And then the tort king started talking about children going to bed hungry. Do I have to tell you again how this phony statistic came to pass? Some leftist advocacy group interviewed a bunch of parents. One of the questions was whether or not their children had complained about being hungry during the past year.
What parent could say no? *I'm sure that when Ted Kennedy was being raised in the Kennedy Compound on Martha's Vineyard he at least once walked into the kitchen and said "Mom! I'm hungry*." Alas, another poor American rug rat goes to bed with torturous hunger pangs devastating his already-portly little Kennedy bod.

Then there was Edwards talking about poor, poor pitiful families struggling to get by on the minimum wage, another myth. *Most minimum wage workers are, for the most part, students and young people in their first jobs. *The average minimum wage worker stays at the minimum wage for less than one year. *The harsh truth is that someone incapable of earning more than the minimum wage has no business getting pregnant or getting someone else pregnant. *Stupid people rely on the minimum wage for extended periods of their lives. *Stupid people shouldn't breed*, so don't give me this "raising a family on minimum wage" BS. Please tell me you already know why Democrats like to hammer the minimum wage issue. It's for their union pals! *Many union contracts are tied to minimum wage.* As the minimum wage goes up, so do union wages. Simple as that ... paying off your union supporters.

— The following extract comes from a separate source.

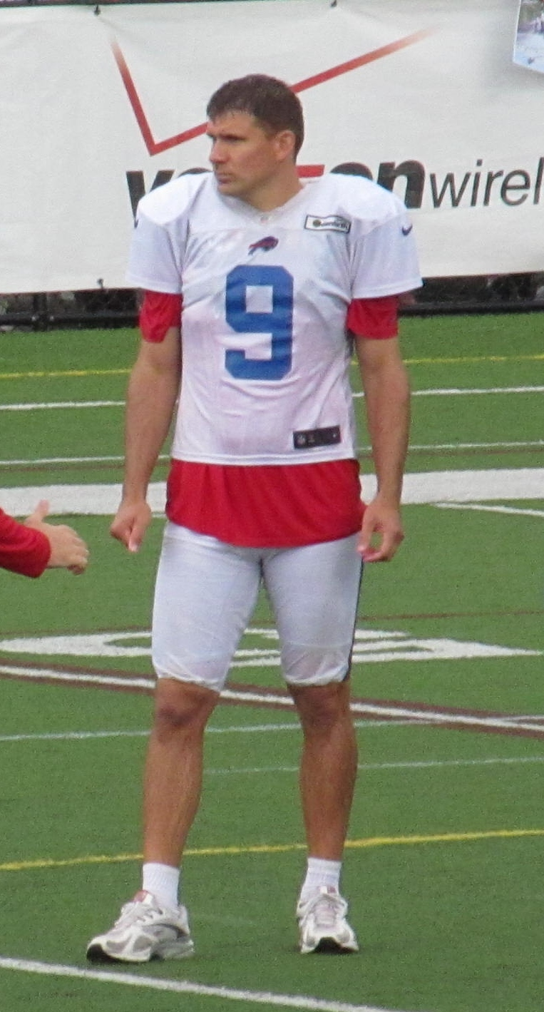 Buffalo Bills placekicker Rian Lindell at 2012 training camp at St. John Fisher College, Pittsford, New York

The bottom line is the left needs to portray America in a bad light, _*they need you to be dependent on their government programs so they can buy your votes with more handouts.*_ For someone who is supposedly optimistic, he sure talked about a lot of doom and gloom.


----------



## Plainsman (Jul 30, 2003)

Bob

The crumbs that the liberals scatter before the lazy creates far more dependency than pot, heroin, or all the drugs combined. From Edwards view point anyone that doesn't have $100 million is in poverty. If he is a true liberal he looks at Bill Gates and feels sorry for himself.


----------